実際のサーバーが、指定したプロトコルでどう応答するかを curl で確認する。--http2 と --http1.1 でクライアント側から希望するプロトコルを指定し、同じサーバー・同じ URL に対して実際に使われたプロトコルを確認する。
curl -s -o /dev/null -w "requested http2 -> negotiated: HTTP/%{http_version}\n" \
--http2 https://developer.mozilla.org/
curl -s -o /dev/null -w "requested http1.1 -> negotiated: HTTP/%{http_version}\n" \
--http1.1 https://developer.mozilla.org/
1つ目は HTTP/2、2つ目は HTTP/1.1 と表示されるはずだ。同じサーバー・同じ URL でも、クライアントが ALPN でどちらを提示するかによって実際に使われるプロトコルが変わることを確認できる。Chrome の DevTools でも、Network タブのリクエストを選び Protocol 列を表示すると、同様に h2 / http/1.1 が見える。
- HTTP/2 は複数の TCP 接続を使って並列化を強化したものだ — 実際は逆で、HTTP/2 は1本の TCP 接続に集約し、その内部でストリームを多重化する設計だ。接続を増やすのではなく、減らした上で中身を並行化している。

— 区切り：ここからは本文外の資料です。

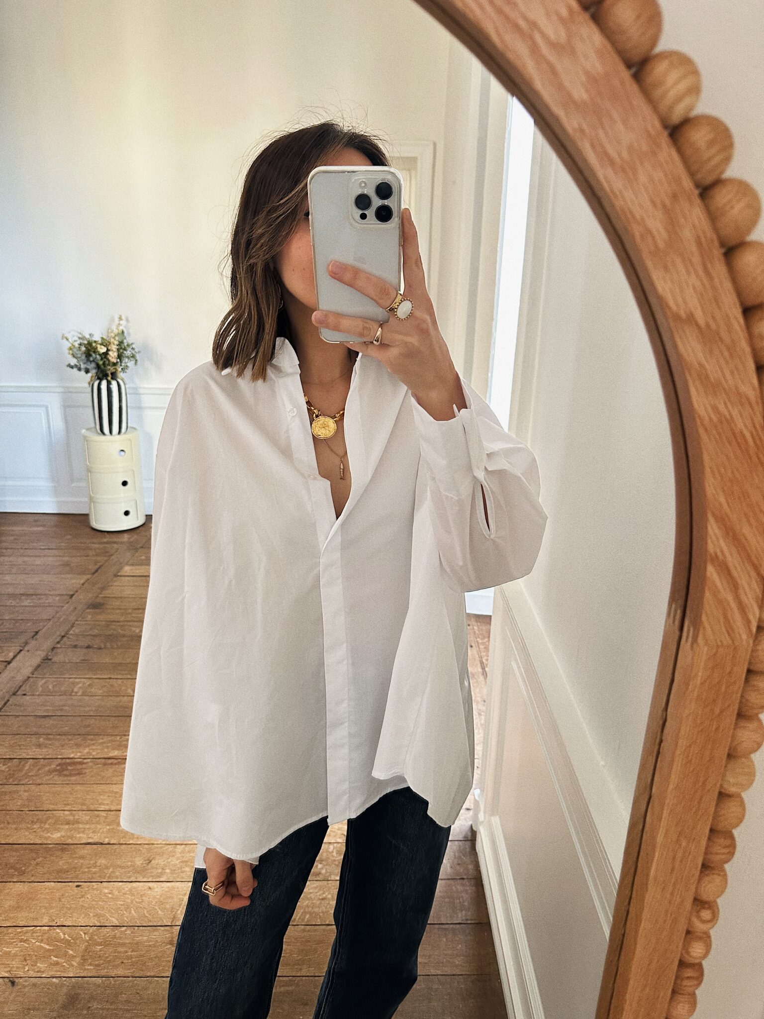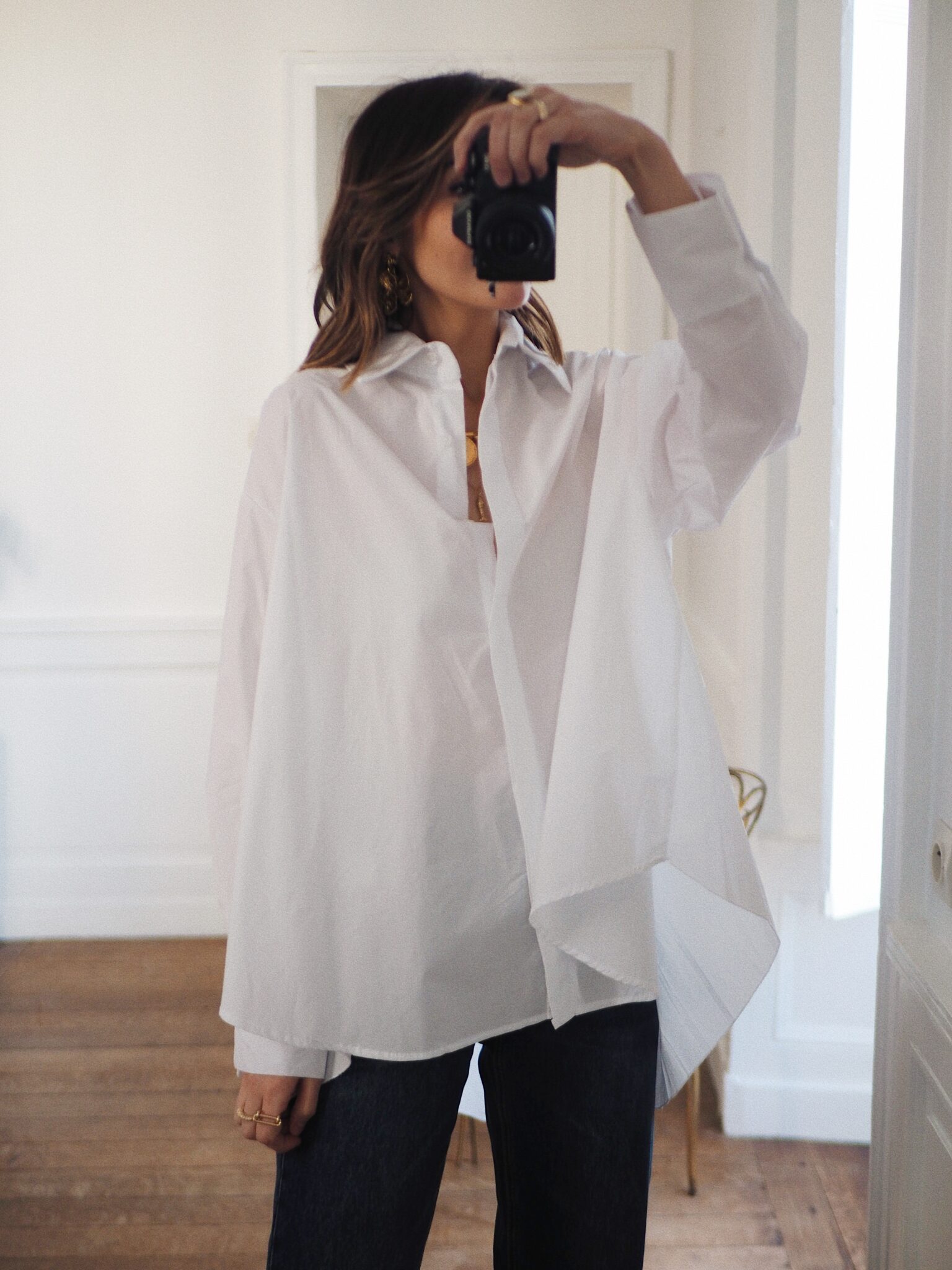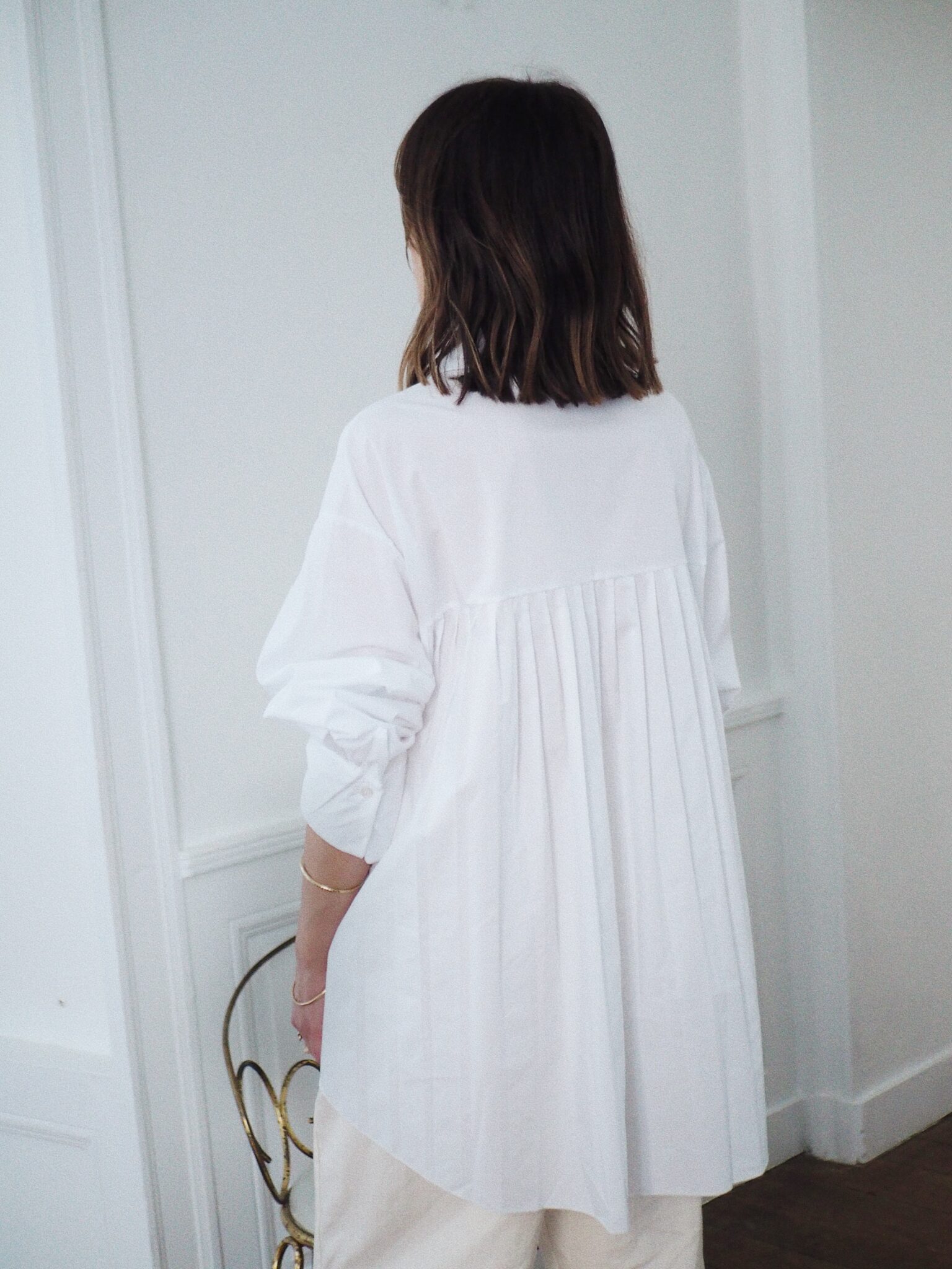 – Chemise unie à l’allure contemporaine – Coloris blanc pur et chic – Coupe  ample et jeu de plis au dos – Col chemise classique à la ligne nette – Base arrondie, plus longue au dos – Fermeture invisible sous patte créant une allure épurée – Manches longues finitions larges poignets boutonnés – Une pièce où chaque détail exprime l’élégance et la féminité – Egalement disponible en bleu – Confectionnée en Italie

- HTTP/2 に対応させれば、通信は常に速くなる — パケットロス率の高い回線では TCP層の Head-of-Line Blocking により、複数接続を使う HTTP/1.1 よりかえって不利になる場面がある。無条件に速くなるとは限らない。
- HTTP/2 のストリーム優先度を設定すれば、重要なリソースを確実に先に届けられる — RFC 9113 ではこの優先度の仕組み自体が非推奨化されており、実際の配信順序はサーバー・ブラウザの実装依存で保証されない。
- ストリーム
- HTTP/2 で1つのリクエスト・レスポンスのやり取りに割り当てられる、独立した論理的な通信の流れ。
- HPACK
- HTTP/2 で使われるヘッダー圧縮方式。静的・動的テーブルで重複するヘッダーを差分や参照番号に置き換える。
- Head-of-Line Blocking
- 先頭の処理が詰まることで後続の処理まで待たされる現象。HTTP/1.1 ではアプリケーション層で、HTTP/2 では TCP層で発生する。
- ALPN
- TLS ハンドシェイク中にクライアントとサーバーが使用するアプリケーション層プロトコルをすり合わせる拡張。
- バイナリフレーミングレイヤー
- HTTP/2 で HTTP メッセージをバイナリの「フレーム」単位に分解して送受信する層。テキストベースの HTTP/1.1 との違いの土台になる。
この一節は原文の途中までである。